Records for this task:
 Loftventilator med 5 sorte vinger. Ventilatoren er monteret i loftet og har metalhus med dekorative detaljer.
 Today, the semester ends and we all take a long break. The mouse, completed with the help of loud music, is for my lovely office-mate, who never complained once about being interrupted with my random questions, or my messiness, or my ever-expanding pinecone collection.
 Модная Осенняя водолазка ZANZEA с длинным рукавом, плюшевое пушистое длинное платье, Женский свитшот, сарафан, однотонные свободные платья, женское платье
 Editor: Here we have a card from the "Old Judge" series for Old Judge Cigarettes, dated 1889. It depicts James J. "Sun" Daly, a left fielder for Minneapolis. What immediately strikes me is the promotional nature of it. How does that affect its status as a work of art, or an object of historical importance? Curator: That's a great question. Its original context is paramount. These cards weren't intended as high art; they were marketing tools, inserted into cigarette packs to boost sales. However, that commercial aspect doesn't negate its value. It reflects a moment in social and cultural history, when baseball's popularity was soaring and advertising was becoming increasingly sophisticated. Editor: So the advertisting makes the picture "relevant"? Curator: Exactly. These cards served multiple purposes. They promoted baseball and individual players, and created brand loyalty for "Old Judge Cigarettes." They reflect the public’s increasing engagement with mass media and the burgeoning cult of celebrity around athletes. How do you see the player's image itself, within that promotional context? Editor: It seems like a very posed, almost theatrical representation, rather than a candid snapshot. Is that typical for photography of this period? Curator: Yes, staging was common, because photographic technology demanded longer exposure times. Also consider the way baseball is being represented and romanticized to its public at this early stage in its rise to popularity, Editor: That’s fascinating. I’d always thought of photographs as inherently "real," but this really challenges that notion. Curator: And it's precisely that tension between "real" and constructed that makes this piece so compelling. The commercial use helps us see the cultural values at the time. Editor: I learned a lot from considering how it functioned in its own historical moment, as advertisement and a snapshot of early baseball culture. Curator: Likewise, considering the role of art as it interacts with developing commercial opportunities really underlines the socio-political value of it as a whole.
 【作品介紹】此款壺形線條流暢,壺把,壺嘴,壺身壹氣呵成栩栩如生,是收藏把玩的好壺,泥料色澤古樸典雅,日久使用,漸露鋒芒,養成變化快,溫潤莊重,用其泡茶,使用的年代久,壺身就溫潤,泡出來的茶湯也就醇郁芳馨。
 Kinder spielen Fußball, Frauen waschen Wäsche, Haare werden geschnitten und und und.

Exercise objective: Write out each line exactly, as it is shown above.

Exercise output:
 Loftventilator med 5 sorte vinger. Ventilatoren er monteret i loftet og har metalhus med dekorative detaljer.
 Today, the semester ends and we all take a long break. The mouse, completed with the help of loud music, is for my lovely office-mate, who never complained once about being interrupted with my random questions, or my messiness, or my ever-expanding pinecone collection.
 Модная Осенняя водолазка ZANZEA с длинным рукавом, плюшевое пушистое длинное платье, Женский свитшот, сарафан, однотонные свободные платья, женское платье
 Editor: Here we have a card from the "Old Judge" series for Old Judge Cigarettes, dated 1889. It depicts James J. "Sun" Daly, a left fielder for Minneapolis. What immediately strikes me is the promotional nature of it. How does that affect its status as a work of art, or an object of historical importance? Curator: That's a great question. Its original context is paramount. These cards weren't intended as high art; they were marketing tools, inserted into cigarette packs to boost sales. However, that commercial aspect doesn't negate its value. It reflects a moment in social and cultural history, when baseball's popularity was soaring and advertising was becoming increasingly sophisticated. Editor: So the advertisting makes the picture "relevant"? Curator: Exactly. These cards served multiple purposes. They promoted baseball and individual players, and created brand loyalty for "Old Judge Cigarettes." They reflect the public’s increasing engagement with mass media and the burgeoning cult of celebrity around athletes. How do you see the player's image itself, within that promotional context? Editor: It seems like a very posed, almost theatrical representation, rather than a candid snapshot. Is that typical for photography of this period? Curator: Yes, staging was common, because photographic technology demanded longer exposure times. Also consider the way baseball is being represented and romanticized to its public at this early stage in its rise to popularity, Editor: That’s fascinating. I’d always thought of photographs as inherently "real," but this really challenges that notion. Curator: And it's precisely that tension between "real" and constructed that makes this piece so compelling. The commercial use helps us see the cultural values at the time. Editor: I learned a lot from considering how it functioned in its own historical moment, as advertisement and a snapshot of early baseball culture. Curator: Likewise, considering the role of art as it interacts with developing commercial opportunities really underlines the socio-political value of it as a whole.
 【作品介紹】此款壺形線條流暢,壺把,壺嘴,壺身壹氣呵成栩栩如生,是收藏把玩的好壺,泥料色澤古樸典雅,日久使用,漸露鋒芒,養成變化快,溫潤莊重,用其泡茶,使用的年代久,壺身就溫潤,泡出來的茶湯也就醇郁芳馨。
 Kinder spielen Fußball, Frauen waschen Wäsche, Haare werden geschnitten und und und.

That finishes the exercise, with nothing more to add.